There are no shirt sizes big enough for these guys

  • Tuesday, August 26, 2014
  • 0

I cannot help myself, the holiday village where I go with my family, plus in laws, immediately suggests itself to me as one of the grimmest WW2 Stalag Luft POW camps. The gates are high, forbidding and stone and the security guards have voices that can crack rocks. They have shaven heads, big bellies and rippling biceps. There are no shirt sizes big enough for these guys, collars, sleeves and buttons creak under the immense pressure of the flesh they contain. The institutionalised feel continues as we stand in a long line for processing before receiving a glittery pass featuring a smiling mermaid. This must be shown to gain access to any attraction which is marginally more appealing than the laundrette. Our accommodation is a rectangular plywood box laughably described on the website as a caravan which is set amongst row upon row upon row of identical plywood boxes. Under these circumstances there is only one option, escape. Tunelessly whistling the theme from the movie I use a spoon and my head torch to tunnel from under the shower of the caravan to beyond the perimeter fence. My escape kit is simple, my running shorts, technical tee, mobile phone, lint encrusted slab of chocolate and my Vibrams. I leave the glittery pass behind. Outside it is a trail runners paradise, miles and miles of pathways crunching over shingle beach, snaking over seawall, wetland and field. Halfway through my run a moment comes when I stop, spent and sunk in swampy green bog and I feel a shift inside myself. (That's shift with an F Jerry) These shifts are rare and the increment can be small, they are a moment of emotional realignment, a breeze of the soul parting the veil for a heartbeat.
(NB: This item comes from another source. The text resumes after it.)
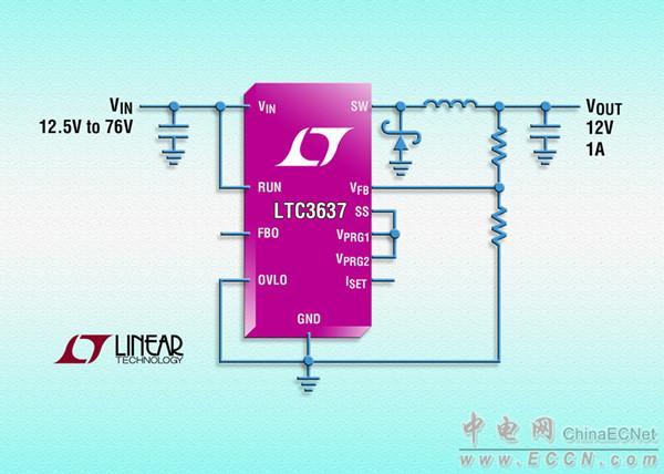 Linear推出能接受 76V 輸入的高效率降壓型轉換器 LTC3637,該器件可提供高達 1A 的連續輸出電流。它在 4V 至 76V 的輸入電壓范圍內工作,非常適用于電信、工業、航空電子和汽車應用。LTC3637 運用可編程峰值電流模式設計,在很寬的輸出電流范圍內優化效率。該器件提供高達 90% 的效率,僅需要 12µA 靜態電流,最大限度地延長了電池運行時間。用戶可編程輸出電流限制可按照應用需要,在 100mA 至 1A 范圍內設定輸出電流。LTC3637 可用 1.8V、3.3V 或 5V 固定輸出電壓設定,還可以用電阻分壓器設定輸出在 VIN 至 0.8V 范圍內。LTC3637 的耐熱增強型 MSOP 或 3mm x 5mm DFN 封裝提供高壓輸入所需的額外引腳間隔。該器件采用 MSOP 或 DFN 封裝,僅需要四個纖巧的外部組件就可構成適用于多種應用以及占板面積非常緊湊的解決方案。

Working my way back to firmer ground and the path I stood and looked at the vast space around me and up into the great vault of heaven above. I am not normally loud or demonstrative but I felt such a surge of happiness and freedom that I let out what Walt Whitman the American poet described as a barbaric yawp, part battle cry and part exultation, loud, heartfelt and delivered from the absolute centre of myself. I think what I learnt was this: freedom reignites and expands me. It allows me to rediscover myself and regenerate. It gives me eyes. I cannot keep living by template because it stifles creativity and I turn inwards and die. I must escape. I must.
Footnote: Poetic license has been applied to the holiday village. It was excellent. I drank too much Mexican Beer.